I know she loves me. I just don’t think she loves me as much now that there’s another one on the way. It’s hard when love has always come in a ten out of ten pack size and suddenly it’s only six out of ten. I expect it’s good for me to learn to share my parents now, before the baby’s even born and then, when it comes I can just love it and not have to be eaten up with jealousy.
Mum said we needed chocolate and she pulled a huge bar out of the carrier that she’d had the sanitary stuff in. We sat on my bed with a family sized bar of orange Aero, it’s on special edition and it’s absolutely gorgeous. We ate every segment and then we felt sick.
She apologised again and said that she’s had a lot on her mind lately. She wasn’t trying to get out of it, but she suggested that if something was really important that I should write it down. She hadn’t managed to forget my stuff for Home Economics, and had it all ready for me this morning, thank goodness. I made cheese scones today. They were all right but a bit hard. Dad and Mum both said that they were delicious, but they were lying, the way parents do. Dad has put one in his lunch box for tomorrow. I bet he doesn’t eat it and he doesn’t realise that I’m too old to care about stuff like that now. He thinks he’s being a good dad by taking one of my hard scones to work. I couldn’t care less.
Mum’s bought a white board and hung it in the kitchen. If I need anything I have to write it down. I told her that it’d be pretty icky having to write that I need tampons and for it to sit in the kitchen where dad can see, or worse, my friends if they come for tea. Mum agreed that it would be icky, so we made code words for all the embarrassing stuff. Tampons are trifle sponges. Spot cream is squirty cream, because mum said they come out like squirty cream when you squeeze them, which is just disgusting and I’m so glad we’d finished eating our chocolate by then. I don’t even need spot cream because I don’t have greasy skin, but I use it just in case. You can’t be too sure about these things. Deodorant is Vanilla essence and baby wipes, which I use to feel fresh at school, are ready to roll pastry.
When I went downstairs for tea I waited until Mum wasn’t looking and wrote her a message on the white board. I wrote ‘I love you mum xxx’
After tea I looked at the board and she’d written, ‘Love you, too, Ding dong xxx.’ That’s my nickname, they’ve called me that since I was little because our surname’s Bell. Dad had written underneath, ‘Hey, I’m feeling left out. Where’s my love?’ So Mum and I had to write that we loved him, too and then he wrote that he loved us and what had seemed like a good idea to begin with, to show Mum that I was over the whole History lesson thing, became really uncomfortable and awkward. We say that we love each other, sometimes, but we don’t make a big deal of it, like that. Soon as all the, I love you’s, were done with I wiped the board clean and just tried to forget about it.

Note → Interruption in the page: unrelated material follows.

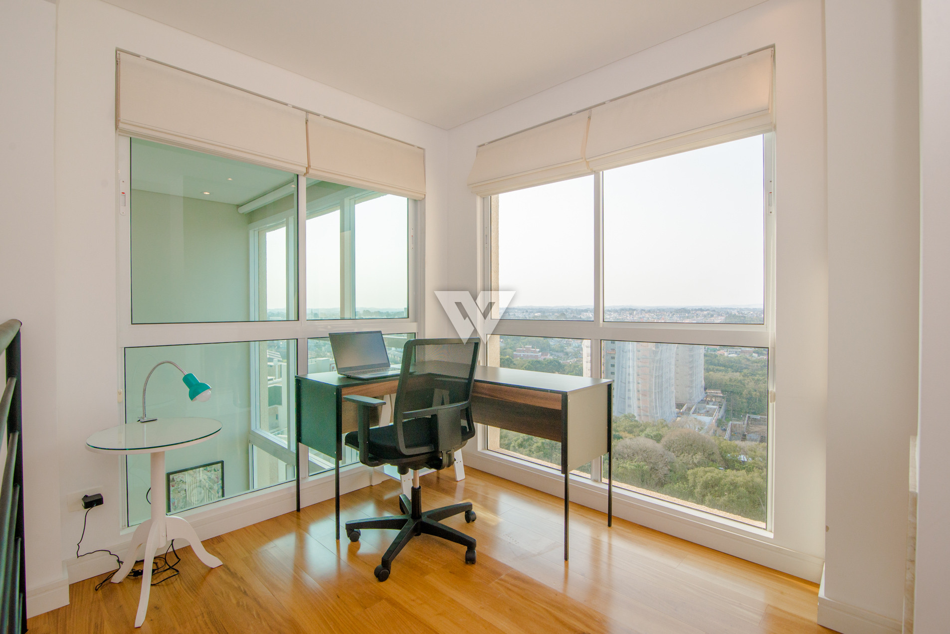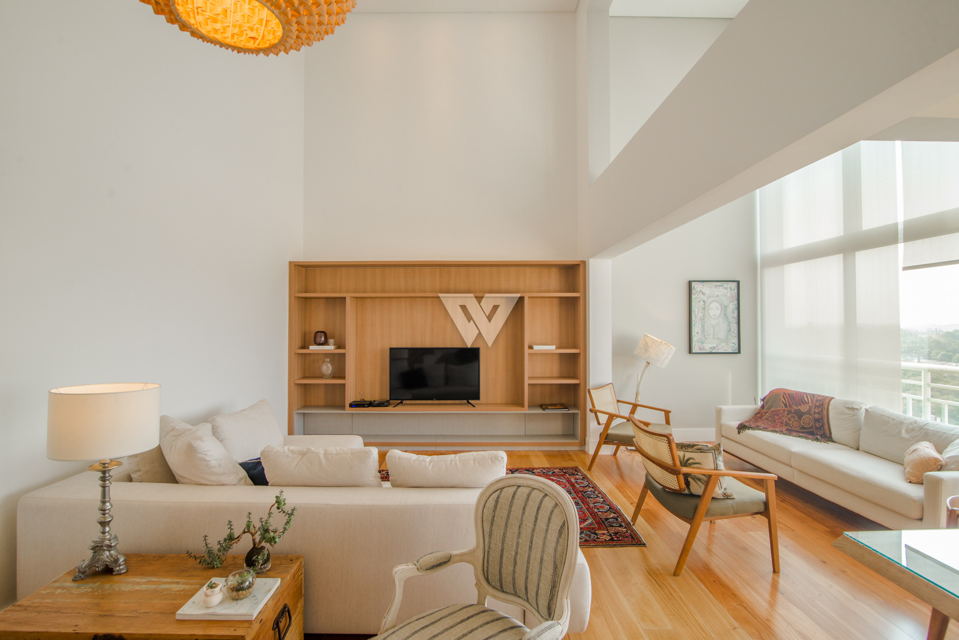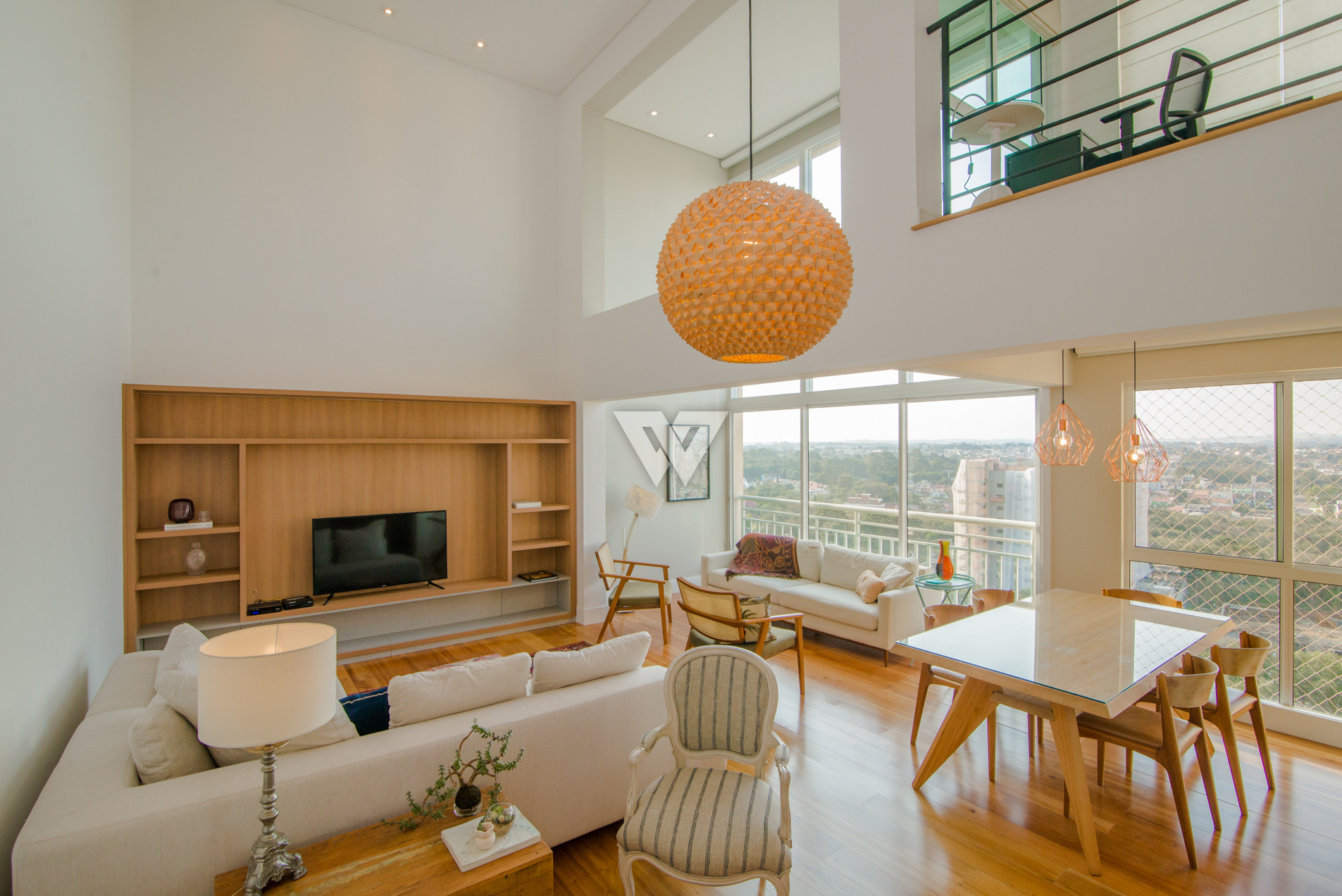 Pé direito duplo encantador: Proporciona um ambiente arejado, com muita luz natural e uma vista panorâmica deslumbrante da cidade.

That wasn’t hard because soon the next drama came along and things got weird around here again.
After dinner Aunty Mel came. Her and Mum sat in the lounge and talked non stop about babies. Mel kept asking Mum how she felt about it all and Mum said that she was terrified. She said that she feels too old to be having another baby, but she isn’t, she’s only thirty eight. Aunty Mel’s thirty five and she hasn’t got any children yet. Her and Uncle Andy are both mad about their careers and going abroad and stuff, they aren’t ready to have kids yet. Mum said that she’d better get on with it and Mel agreed that she better had, so they might both be pregnant soon. Only, I don’t think that Aunty Mel meant it; she was just trying to make Mum feel better about being pregnant at her age. And then I had this awful image of Aunty Mel and Uncle Andy doing sex stuff and I went to my room.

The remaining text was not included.